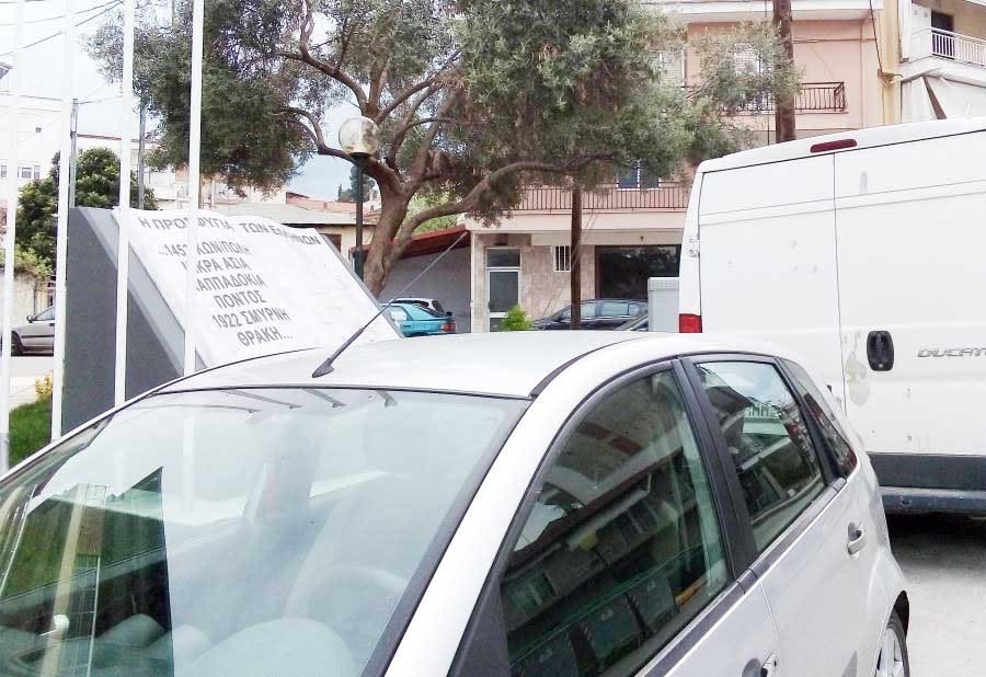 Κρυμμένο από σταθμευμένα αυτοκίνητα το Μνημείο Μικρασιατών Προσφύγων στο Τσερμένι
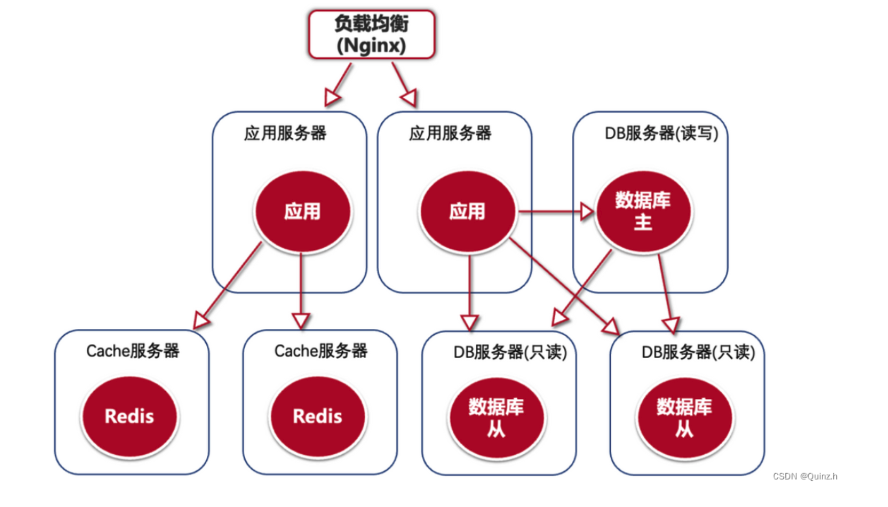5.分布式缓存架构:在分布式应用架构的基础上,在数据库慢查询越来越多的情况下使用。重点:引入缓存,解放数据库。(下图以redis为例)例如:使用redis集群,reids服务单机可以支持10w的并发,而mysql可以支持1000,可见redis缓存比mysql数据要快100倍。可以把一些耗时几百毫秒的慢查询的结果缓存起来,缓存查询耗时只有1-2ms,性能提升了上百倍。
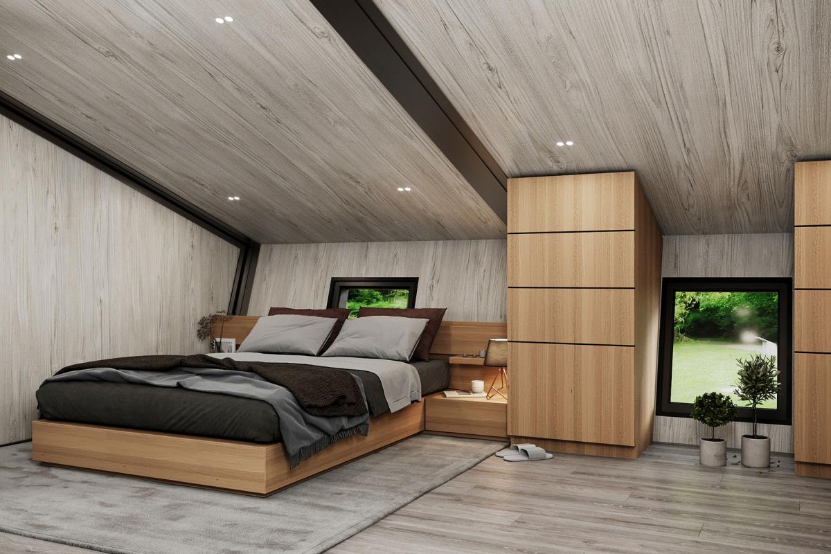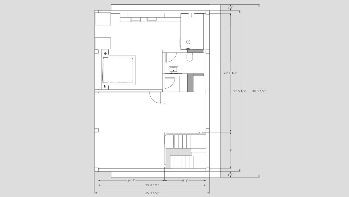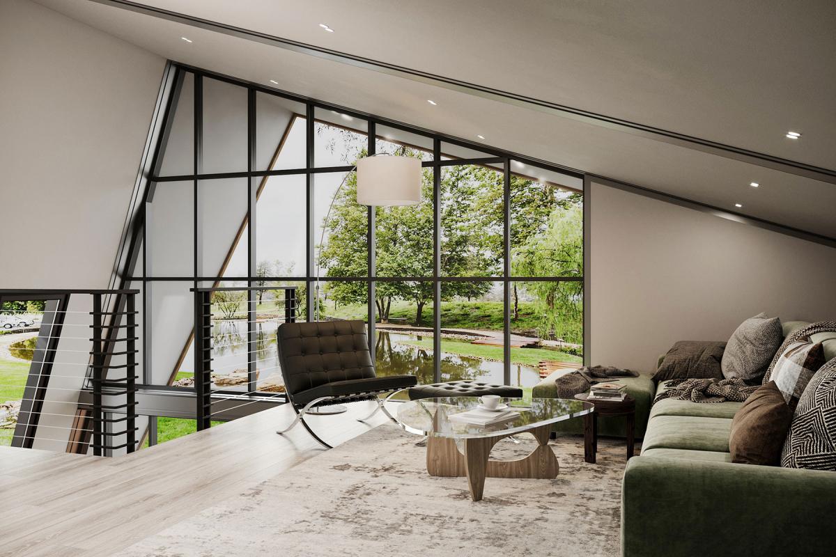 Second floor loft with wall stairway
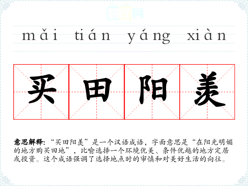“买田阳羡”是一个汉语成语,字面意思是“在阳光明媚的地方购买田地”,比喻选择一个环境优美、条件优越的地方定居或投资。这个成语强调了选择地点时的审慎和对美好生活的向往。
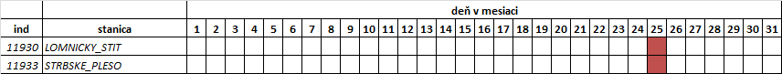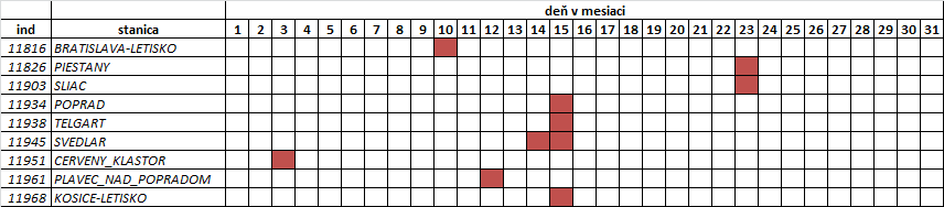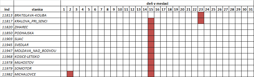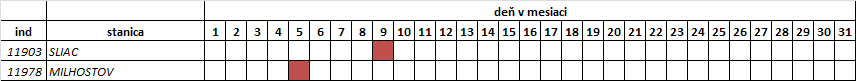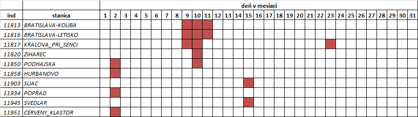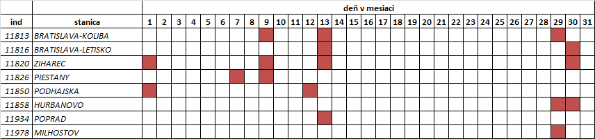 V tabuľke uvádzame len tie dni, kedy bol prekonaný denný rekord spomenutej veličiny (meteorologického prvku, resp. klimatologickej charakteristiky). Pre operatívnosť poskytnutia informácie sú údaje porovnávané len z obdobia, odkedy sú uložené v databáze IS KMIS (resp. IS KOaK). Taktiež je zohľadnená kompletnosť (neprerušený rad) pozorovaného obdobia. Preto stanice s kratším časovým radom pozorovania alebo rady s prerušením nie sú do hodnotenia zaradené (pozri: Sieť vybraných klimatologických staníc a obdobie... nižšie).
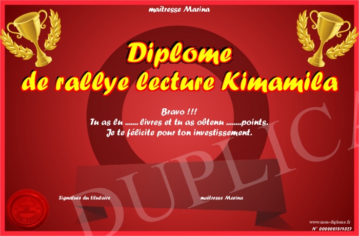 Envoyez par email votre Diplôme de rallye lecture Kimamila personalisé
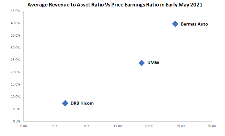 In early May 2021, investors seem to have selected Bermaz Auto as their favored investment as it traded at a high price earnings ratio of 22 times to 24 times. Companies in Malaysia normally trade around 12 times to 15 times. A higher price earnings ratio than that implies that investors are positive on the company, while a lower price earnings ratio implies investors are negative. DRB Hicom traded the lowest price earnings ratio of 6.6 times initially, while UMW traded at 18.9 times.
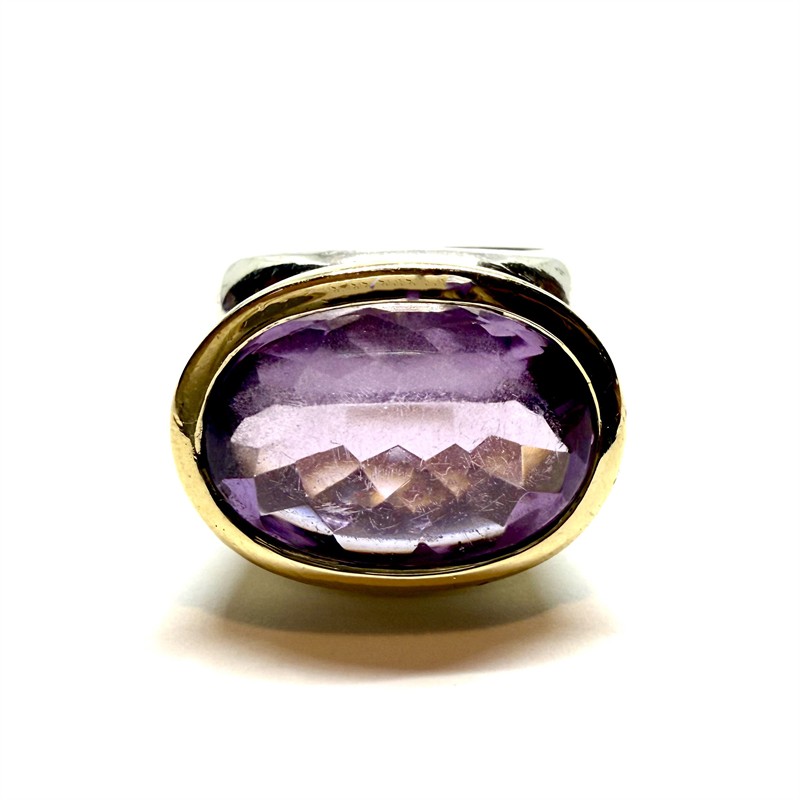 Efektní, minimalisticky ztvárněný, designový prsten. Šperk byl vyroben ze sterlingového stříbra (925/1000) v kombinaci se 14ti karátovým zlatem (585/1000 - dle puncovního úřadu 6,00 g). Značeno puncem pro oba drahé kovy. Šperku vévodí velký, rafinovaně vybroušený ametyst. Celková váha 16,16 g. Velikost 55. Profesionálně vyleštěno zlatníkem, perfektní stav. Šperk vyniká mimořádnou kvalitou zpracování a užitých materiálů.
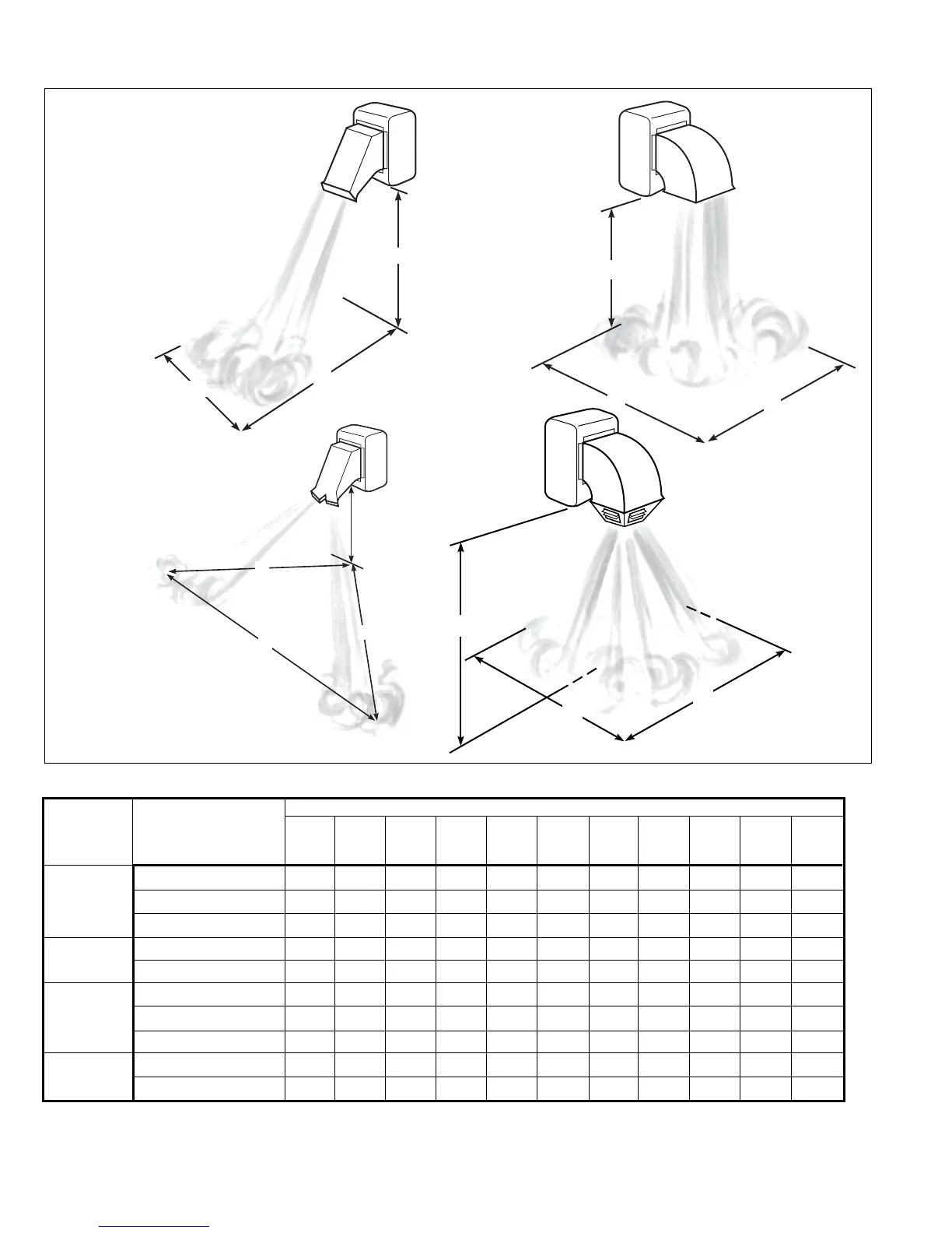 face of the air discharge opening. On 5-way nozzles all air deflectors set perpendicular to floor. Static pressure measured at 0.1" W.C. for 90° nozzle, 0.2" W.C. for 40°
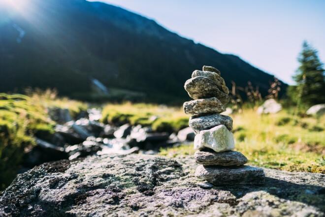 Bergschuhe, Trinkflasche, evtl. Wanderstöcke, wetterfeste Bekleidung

========

Above is the material; set down exactly its lines from the one containing "V tabuľke uvádzame" down to the one containing "Envoyez par email", both included, leaving out any pictures.

» **Written reply**
 V tabuľke uvádzame len tie dni, kedy bol prekonaný denný rekord spomenutej veličiny (meteorologického prvku, resp. klimatologickej charakteristiky). Pre operatívnosť poskytnutia informácie sú údaje porovnávané len z obdobia, odkedy sú uložené v databáze IS KMIS (resp. IS KOaK). Taktiež je zohľadnená kompletnosť (neprerušený rad) pozorovaného obdobia. Preto stanice s kratším časovým radom pozorovania alebo rady s prerušením nie sú do hodnotenia zaradené (pozri: Sieť vybraných klimatologických staníc a obdobie... nižšie).
 Envoyez par email votre Diplôme de rallye lecture Kimamila personalisé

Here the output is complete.